1) Work hard. Things won’t always come easily to you, and they shouldn’t. What is worth learning is worth working hard for. Don’t let frustration get the best of you – persevere, ask for help, keep trying. The payoff will be great.
2) Be humble. Yes, you are smart. You are talented. You are athletic. You are a lot of great things. But so are a lot of other people. Be humble about your accomplishments and be quick to compliment others’ on theirs. You will be respected and appreciated by others for this attitude.
3) Smile. That one seems silly perhaps, but it is important. Maintaining a positive attitude – or faking it when necessary – will go a long way towards helping you to make new friends and feeling good about yourself. You’ll be amazed at how much better the world looks – and how the world looks at you – when you have a smile on your face.
4) Be courteous and respectful. Towards adults, towards your peers, towards yourself. Good manners and a respectful attitude will take you far in this world.
5. Get involved. Find extracurricular activities that you are interested in and get involved. Don’t worry if you are the only one of your group of friends interested in joining a particular club or activity. If that activity truly interests you, go for it. You are likely to meet new friends who share a common interest with you – and have some fun along the way.
6. Follow the “golden rule” – do unto others what you would have them do unto you. There is no more important rule to live your life by. It is also a very general rule, so here are some more specifics to help you as you continue your journey:

If you open it, close it.
If you turn it on, turn it off.
If you unlock it, lock it up.
If you break it, admit it.
If you can’t fix it, call someone who can.
If you borrow it, return it.
If you value it, take care of it.
If you make a mess, clean it up.
If you move it, put it back.
If it belongs to someone else, get permission to use it.
If you don’t know how to operate it, leave it alone.
If it’s none of your business, stay out of it.
If what you have to say will brighten someone’s day, say it!
If what you have to say will hurt somebody, don’t say it!
If something isn’t broken, don’t try to fix it.
If you think you know it all, look around and see how little you really know.

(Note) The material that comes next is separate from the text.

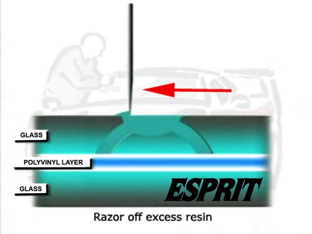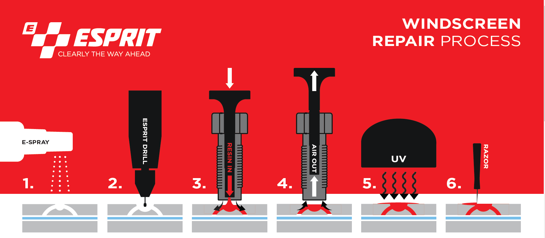A javítás elve az, hogy a ragasztott szélvédő felületén keletkezett sérülést feltöltjük az üvegével megegyező törésmutatójú gyantával, majd az összes levegő eltávozta után mesterséges vagy természetes UV-fény segítségével megkötjük azt. Jellemzően az így kialakult kötés szilárdsága az ESPRIT anyagok esetében magasabb, mint az üveg saját kötési szilárdsága, így egy későbbi esetleges sérülés esetén sem fog a korábban ESPRIT-tel javított repedés újra végigszaladni. Az esztétikum mellett tehát a biztonság is döntő szempont, ennek főleg a nagyobb üvegfelülettel rendelkező haszongépjárművek esetén van kiemelt jelentősége.

Fifth graders, you leave here having learned a lot, but you have much more to learn in the years ahead. Be willing to keep on learning – from your teachers, coaches, parents and friends. Maintain a positive attitude, a helpful disposition, a willingness to try new experiences. Keep reading, be helpful, clean your rooms, practice your instruments, be good to each other, and keep smiling.

What advice would you give to kids entering middle schools/Jr. High schools in the fall?